ECLI:NL:RBLIM:2018:7708
Rechtbank Limburg
- Eerste aanleg - enkelvoudig
- Rechtspraak.nl
Wanprestatie door aannemer en bewijsvoering van schade
In deze zaak, die voor de Rechtbank Limburg is behandeld, heeft de kantonrechter op 8 augustus 2018 uitspraak gedaan in een geschil tussen een eiseres en de besloten vennootschap AA Installaties Maastricht B.V. De eiseres, vertegenwoordigd door mr. W. van Es van Achmea Rechtsbijstand, vorderde schadevergoeding wegens wanprestatie door de aannemer. De procedure volgde op een tussenvonnis van 30 mei 2018, waarin de kantonrechter eerder had overwogen om een deskundige te benoemen, maar dit voornemen introk. In plaats daarvan werd de eiseres opgedragen om bewijs te leveren van de hoogte van de schade die zij zou hebben geleden door de wanprestatie van AA Installaties.

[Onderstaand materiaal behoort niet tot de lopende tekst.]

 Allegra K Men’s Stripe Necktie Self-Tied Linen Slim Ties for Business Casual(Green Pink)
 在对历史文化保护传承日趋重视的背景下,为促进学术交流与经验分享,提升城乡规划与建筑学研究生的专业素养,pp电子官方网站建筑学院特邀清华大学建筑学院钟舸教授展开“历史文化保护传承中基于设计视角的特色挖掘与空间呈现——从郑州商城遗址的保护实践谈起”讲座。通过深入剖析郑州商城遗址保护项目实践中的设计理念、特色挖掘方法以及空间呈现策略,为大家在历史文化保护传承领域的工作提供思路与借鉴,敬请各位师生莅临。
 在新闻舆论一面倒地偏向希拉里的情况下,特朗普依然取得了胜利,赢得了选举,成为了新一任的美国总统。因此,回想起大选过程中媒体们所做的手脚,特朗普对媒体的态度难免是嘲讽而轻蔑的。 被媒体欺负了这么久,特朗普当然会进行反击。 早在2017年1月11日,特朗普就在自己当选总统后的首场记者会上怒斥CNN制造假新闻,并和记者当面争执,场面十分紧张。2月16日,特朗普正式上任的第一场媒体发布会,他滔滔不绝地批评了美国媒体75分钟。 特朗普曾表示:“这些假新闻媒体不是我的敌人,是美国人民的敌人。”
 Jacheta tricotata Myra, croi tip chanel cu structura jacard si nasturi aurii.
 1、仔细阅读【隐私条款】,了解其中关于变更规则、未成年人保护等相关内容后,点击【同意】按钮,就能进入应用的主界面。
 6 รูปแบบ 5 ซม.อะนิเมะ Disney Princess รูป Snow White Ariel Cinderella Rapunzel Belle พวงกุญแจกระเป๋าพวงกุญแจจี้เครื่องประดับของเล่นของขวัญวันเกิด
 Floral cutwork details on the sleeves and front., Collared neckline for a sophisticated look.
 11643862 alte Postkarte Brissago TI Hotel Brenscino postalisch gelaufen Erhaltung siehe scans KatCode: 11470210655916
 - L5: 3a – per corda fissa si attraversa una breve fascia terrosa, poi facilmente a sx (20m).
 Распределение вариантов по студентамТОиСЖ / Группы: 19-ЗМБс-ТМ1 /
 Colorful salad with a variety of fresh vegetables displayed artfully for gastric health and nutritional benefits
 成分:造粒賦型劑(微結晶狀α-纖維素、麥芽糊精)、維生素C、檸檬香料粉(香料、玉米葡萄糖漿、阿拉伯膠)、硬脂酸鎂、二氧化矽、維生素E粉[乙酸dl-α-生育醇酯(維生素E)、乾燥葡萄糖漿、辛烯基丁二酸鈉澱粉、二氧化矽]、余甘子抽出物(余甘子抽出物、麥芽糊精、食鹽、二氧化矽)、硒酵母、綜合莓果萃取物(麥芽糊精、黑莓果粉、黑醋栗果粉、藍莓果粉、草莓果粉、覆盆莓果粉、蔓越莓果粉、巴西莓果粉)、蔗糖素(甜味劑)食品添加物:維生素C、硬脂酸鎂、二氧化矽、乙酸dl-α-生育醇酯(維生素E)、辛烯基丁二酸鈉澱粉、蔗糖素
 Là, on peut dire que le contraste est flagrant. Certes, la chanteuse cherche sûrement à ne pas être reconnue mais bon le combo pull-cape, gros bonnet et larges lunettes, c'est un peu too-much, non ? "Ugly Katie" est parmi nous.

Tijdens de verdere beoordeling bleek dat de eiseres geen bewijs had aangedragen van de hoogte van haar schade. Hierdoor kon de kantonrechter niet vaststellen of er daadwerkelijk schade was geleden en, indien dit het geval was, hoe hoog deze schade zou zijn. De vorderingen van de eiseres werden daarom afgewezen. Tevens werd de eiseres, als de in het ongelijk gestelde partij, veroordeeld in de proceskosten van AA Installaties, die tot dat moment waren begroot op € 437,50 aan salaris voor de gemachtigde.
De beslissing van de kantonrechter omvatte de afwijzing van de vorderingen van de eiseres, de veroordeling in de proceskosten, en de verklaring dat de proceskostenveroordeling uitvoerbaar bij voorraad is. Dit vonnis is openbaar uitgesproken door mr. G.M. Drenth.